Looking at the hexadecimal, it is not immediately obvious that anything is wrong. We can see however from the text display column that there seems to be some garbage bytes in the middle of the path name.

Looking more closely at the garbage bytes, viewed as words, we can see that two of then start with 3, and one starts with B – a very good indication that we are dealing with a vector of small numbers, possibly a unit vector.

We can then switch to a floating point view, which gives us:

2.6502369e+017  1.8019267e+031  4.3599426e+027  1.8062378e+028
0.23423424      -0.034883201    0.97280580      7.0364824e+028
6.5049435e+022  2.9386312e+029  2.7403974e+017  4.3612297e+027

This confirms the nature of the corruption. We have three floating point numbers in the range -1.0 to +1.0, we can do a quick calculation to confirm that if we square the numbers and add them it comes out at about 1.0, so the length of the vector is 1.0, a unit vector.

Causes and Effects of Corruption

Once you have determined the likely nature of the corruption, you need to identify the piece of code that caused the corruption. If you are not able to directly observe the corruption taking place, you may have to selectively instrument suspicious pieces of code.

To narrow down the field of pieces of code that might be considered, we should have a look at the most common direct causes of corruption, and examine how each cause manifests itself.

Buffer Overruns

A Buffer overrun is perhaps the most common type of bug. You often hear about “buffer exploits” in the hacking world. Here a programmer has neglected to check that the size of the input data fits into the destination space.
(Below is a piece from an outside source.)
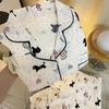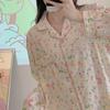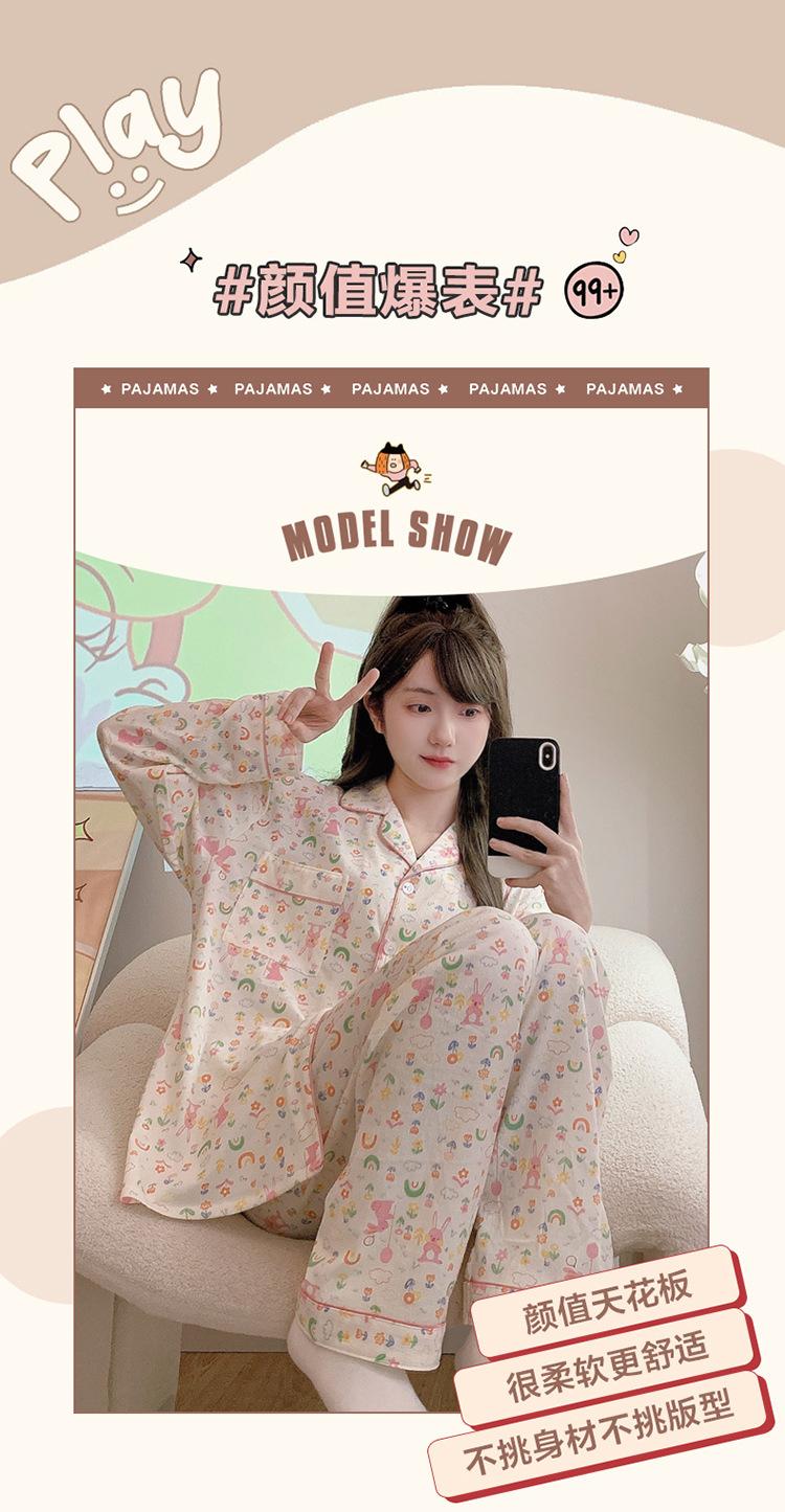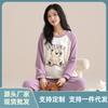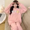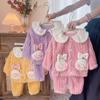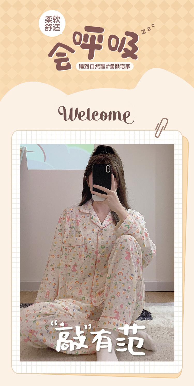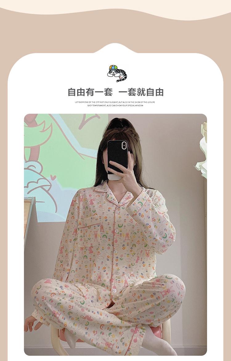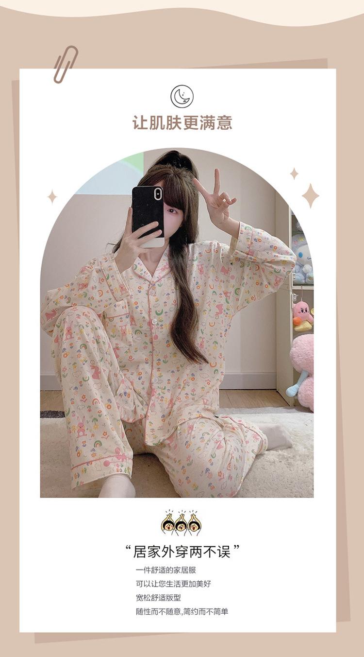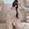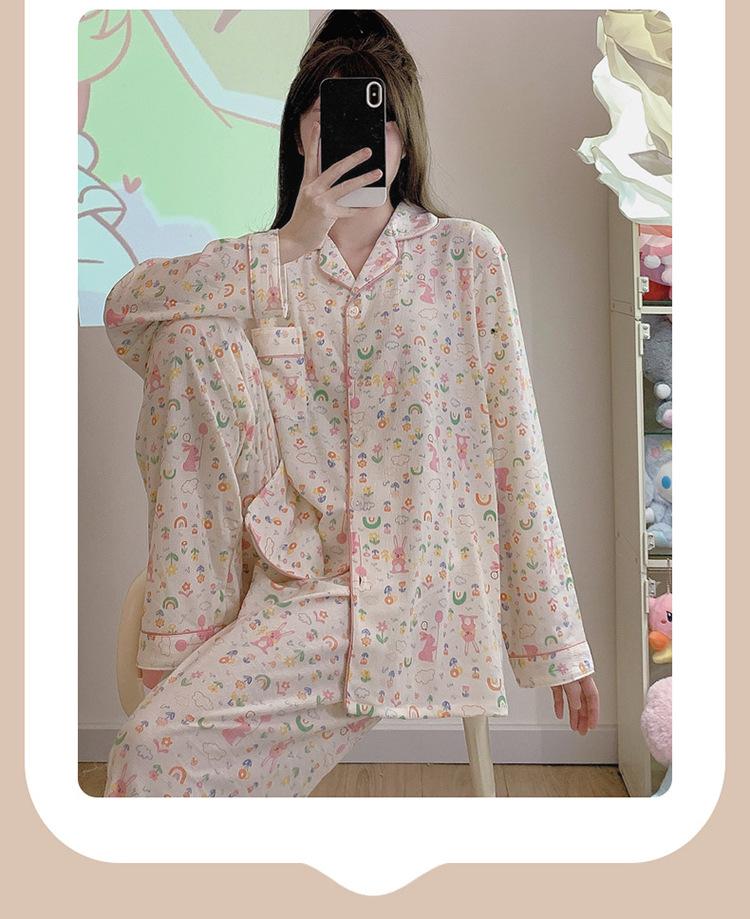 Pijamas de algodón puro con volantes de dibujos animados para mujer, primavera y otoño 2024, nuevos pantalones de manga larga con solapa de conejo, ropa de casa

The data overruns the buffer, and possibly overwrites some space used for code. By adding some appropriate code to the end of the data, an industrious hacker can inject some of his own code into an application and take control of it.

Buffer exploits are less of a security problem for game developers, unless they are accepting data over the internet. However buffer overflows are still a very significant cause of bugs.

Bad Pointers

If the value of a pointer is incorrect, then it can corrupt memory (as well as providing bad data to whoever uses that pointer). The value in a pointer can become “bad” in a number of ways.

Dangling Pointer – If a memory block is de-allocated or freed, yet some pointer still references that block (or an object within that block), then that pointer is said to be a “Dangling Pointer”. The value of the pointer has not changed, however the pointer has become bad since it no longer points to valid data.

Incorrect Pointer Calculation – The pointer could be generated using incorrect pointer arithmetic, or using other values that are themselves incorrect, causing the value of the pointer to be calculated incorrectly. Pointer arithmetic might also return a pointer out of range of the target buffer – a form of buffer overflow.

Corrupt Pointers – The memory in which the pointer is stored may itself have become corrupted due to some unrelated cause. Thus corruption can cause corruption, extending the chain of causes.

Bad Local Pointers

If a pointer is created to an object that has local scope, then that pointer will only be valid while that object is in scope. See Listing 1

Listing 1

void CheckThing(CThing *p_x)
{
  CThing p_thing;
  p_thing = *p_x;
  if (ThingCheck(p_thing))
 {
    AddToList(p_thing));
 }
}

Here a local variable p_thing is being used for some temporary purpose. However, during the course of the function the variable is added to some global list, then the function returns.

The result is that there is now a pointer in some list somewhere that points to memory that is used by the stack. This will not be an immediate problem, since when the function returns, then the stack pointer will recede higher in memory, leaving the instance of p_thing safely below the stack. Then one of two things might happen.

Object gets corrupted – the object pointer to by p_thing now no longer legally exists, however its binary image is still in memory, and code can continue to use it without problems until the stack once more descends below that location in memory. At that point the object may get corrupted. This, in a sense, is not a memory corruption bug, since the writes are legal, and in the correct place. But it behaves very like a corruption bug.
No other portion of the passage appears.